Diaspora and Nation in the Indian Ocean
Transnational Histories of Race and Urban Space in Tanzania
The vibrant Swahili coast port city of Dar es Salaam—literally, the “Haven of Peace”—hosts a population reflecting a legacy of long relations with the Arabian Peninsula and a diaspora emanating in waves from the Indian subcontinent. By the 1960s, after decades of European imperial intrusions, Tanzanian nationalist forces had peacefully dismantled the last British colonial structures of racial segregation and put in place an official philosophy of nonracial nationalism. Yet today, more than five decades after independence, race is still a prominent and publicly contested subject in Dar es Salaam. What makes this issue so dizzyingly elusive—for government bureaucrats and ordinary people alike—is East Africa’s location on the Indian Ocean, a historic crossroads of diverse peoples possessing varied ideas about how to reconcile human difference, social belonging, and place of origin.
Based on a range of archival, oral, and newspaper sources from Tanzania and India, this book explores the history of cross-cultural encounters that shaped regional ideas of diaspora and nationhood from the earliest days of colonial Tanganyika—when Indian settlement began to expand dramatically—to present-day Tanzania, a nation always under construction. The book focuses primarily on two prominent city spaces, schools and cinemas: the one a site of education, the other a site of leisure; one typically a programmatic entity of government, the other usually a bastion of commercial enterprise. Nonetheless, the forces shaping schools and cinemas as they developed into busy centers of urban social interaction were surprisingly similar: the state, community organizations, nationalist movements, economic change, and the transnational winds of Indian Ocean culture and capital. Whether in the form of institutional apparatuses like networks of Indian teacher importation and curricula adoption, or through the market predominance of the Indian film industry, schools and cinemas in East Africa historically were influenced by actions and ideas from around the Indian Ocean.
Diaspora and Nation in the Indian Ocean argues that an Indian Ocean–wide perspective enables an examination of the transnational production of ideas about race against a backdrop of changing relationships and claims of belonging as new notions of nationhood and diaspora emerged. It bridges an academic divide, because historians often either focus on the Indian diaspora in isolation or write it out of the story of African nation building. Further, in contrast to the swell of publications on global Indian or South Asian diasporas that highlight longings for and contacts with the “homeland,” the book also demonstrates that much of the creative production of diasporic Indian identities formed in East Africa was a result of local (albeit cosmopolitan) encounters across cities like Dar es Salaam.
Awards
- 2017, Winner - Kenneth W. Baldridge Prize (best history book by Hawaii resident)
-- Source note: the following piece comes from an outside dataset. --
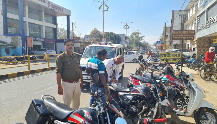 सूरजपुर। हाइवे और शहर के मुख्य मार्ग पर वाहन खड़े करने के मामले में ट्रैफिक पुलिस ने कार्रवाई की है। पुलिस अधीक्षक सूरजपुर श्री रामकृष्ण साहू (भा.पु.से.) ने नगर में सुगम यातायात व्यवस्था बनाए रखने के निर्देश यातायात प्रभारी को दिए है। इसी क्रम में यातायात पुलिस ने बैंकों के सामने लापरवाही पूर्वक सड़क पर वाहन खड़ा करने वाले 4 वाहन चालकों के विरूद्ध मोटर व्हीकल एक्ट के तहत कार्यवाही किया है। पुलिस यह कार्रवाई सड़क दुर्घटनाएं रोकने एवं सुगम यातायात बनाने के लिए कर रही हैं।
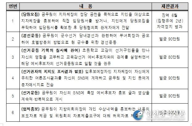 [인천광역신문] 관리자 기자 | 중앙선거관리위원회는 제9회 전국동시지방선거를 앞두고 공무원 및 산하기관 직원 등의 불법 선거관여행위에 대한 예방·단속활동을 강화하고 있다고 밝혔다.

The book is well grounded in a range of archival, oral, and newspaper sources from Tanzania and India. . . . The strength lies in Bertz’s account of the changing debates about race carried on by Indians, Africans, and Europeans in day-to day encounters in the Indian Ocean World. New notions of migration, nation, and post colonial histories can only be under stood in terms of human experience and encounters. Bertz convincingly shifts the frame from African studies and Asian studies to the more inclusive field of Indian Ocean studies and Global History. It is a major contribution for Indian Ocean historians, sociologists, and anthropologists.
Bertz presents a nuanced argument for a wider Indian Ocean lens on the city, seeking to transcend the divides in the histories of East Africa and South Asia. . . . The book is well written and it benefits from an effective use of individual narratives to illustrate and punctuate the argument. . . . Bertz has made a useful contribution to debates on race and space in East Africa’s urban history.
Bertz’s wholistic overview provides a welcome corrective to the works of [Jonathon] Glassman and [James] Brennan, which sometimes seem to place the rise of racial animus solely on the side of Africans. After his excellent introduction, Bertz turns to his two social spaces [cinemas and schools]. He uses business and colonial records as well as oral history interviews in his analysis. His overview of the importance of cinemas as both a site of leisure and a place of social interaction that broke through colonial racial barriers is striking.
This is an engaging study of how race and space were intertwined in the colonial and postcolonial world of the western Indian Ocean. The author’s use of primary evidence, both archival and based on his wide-ranging interviews, is most impressive.
This book illuminates the debates about race between Indians, Africans, and Europeans in day-to-day encounters in the Indian Ocean world. New notions of migration, nation, and postcolonial histories can only be understood in terms of human experiences and encounters. Bertz convincingly shifts the frame from African studies and Asian studies to the more inclusive field of Indian Ocean studies.
Ned Bertz is associate professor in the Department of History at the University of Hawai'i at Mānoa.